Here we discuss ElasticSearch Machine Learning. ML is an add-on to ElasticSearch that you can purchase with a standalone installation or pay as part of the monthly Elastic Cloud subscription.

## ElasticSearch Machine Learning

The term **machine learning** has a broad definition. It is a generic term handed over to the laymen as a way of avoiding discussing the specifics of the various models.

To be specific what ElasticSearch ML does is **unsupervised learning time series analysis**. That means it draws conclusions from a set of data instead of using training a model (i.e., **supervised learning**) to make predictions, like you would with regression analysis using different techniques, including **neural networks**, **least squares**, or **support vector machines**.

## How is this Useful

To see the value of **unsupervised learning time series analysis** consider the typical approach to cybersecurity or application performance monitoring. That is to assume data follows a normal (gaussian) distribution and then select some threshold that one considers significant when flagging outliers.

This is the familiar **bell curve** approach. Even if one does not think of it that way, that’s what they are doing. This curve is described by terms the highschool math student should know: **mean**, **variance**, and **standard deviation**. But that is not machine learning.

## Not Better than Guessing

Typically someone doing application monitoring or cybersecurity flags an event when it lies at either end of the curve, which is where the probability of such an event is low. That’s usually referred to as some multiple of σ (**sigma**), where sigma is a multiple of standard deviations, where the probability of an event lying there is very low.

You could also with derision call this approach **guessing**.

The threshold approach is flawed, because it leads to **false positives**. That causes analysts to spend time tracking down events that are not truly **statistically significant**.

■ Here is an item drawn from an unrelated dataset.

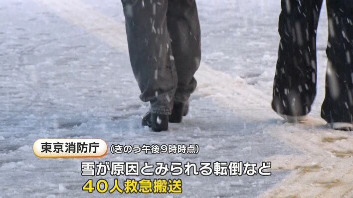 東京消防庁によりますと、雪が原因とみられる転倒などで40人が救急搬送されたということです。

For example, with cybersecurity, just because someone is sending data to a particular IP address more now than before does not mean that event is out of bounds. They need to consider the cyclical nature of events and look at current events in light of what has come before them. It could be this happens every month and is normal. A clever algorithm can do that by, for example, applying a **least squares** method and looking to minimize the **error** (i.e., the difference between what is observed and what is expected), against a shifting subset of data. This is how ElasticSearch does it. And they apply several algorithms, not just least squares.

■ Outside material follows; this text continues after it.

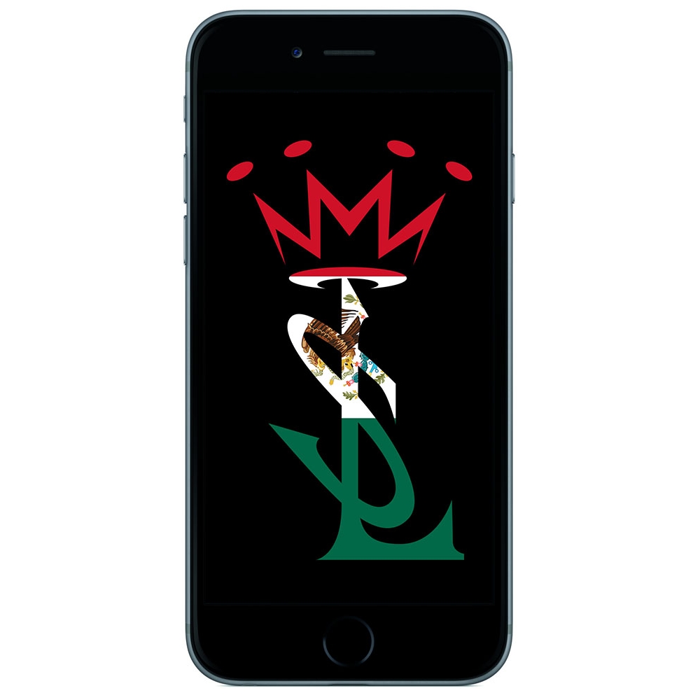 Description: A cell phone with a picture of a crown on it's screen and a green and white logo on the screen.

## How to use ElasticSearch to do Machine Learning

Here we show how to use the tool. In another blog post we will explain some of the logic and algorithms behind it. But the tool is supposed to make it not necessary to understand all of that. Still, you should so you can trust what it is telling you.

We are going to draw from this video by ElasticSearch and slow it down to single steps to make it simpler to understand.

For data we will use the New York City taxi cab dataset that you can download from Kaggle here. The data gives us pick up and drop off times and locations for NYC cabs over a period of a few years. We want to see when traffic falls off or increases in such a way that is an abnormality, like a taxi strike or snowstorm.

There are some limits with loading this data in the Kibana ML screen, which is a feature with ES ML. You can only load 100 MB of data at a time. The taxi cab data is much larger than that. It includes a **test** and **train** dataset. Since we are not training a model with unsupervised learning, we will just pick one of them. And since we need to limit it to 100 mb we will split the 200 mb data file like this and just pick one 90MB dataset.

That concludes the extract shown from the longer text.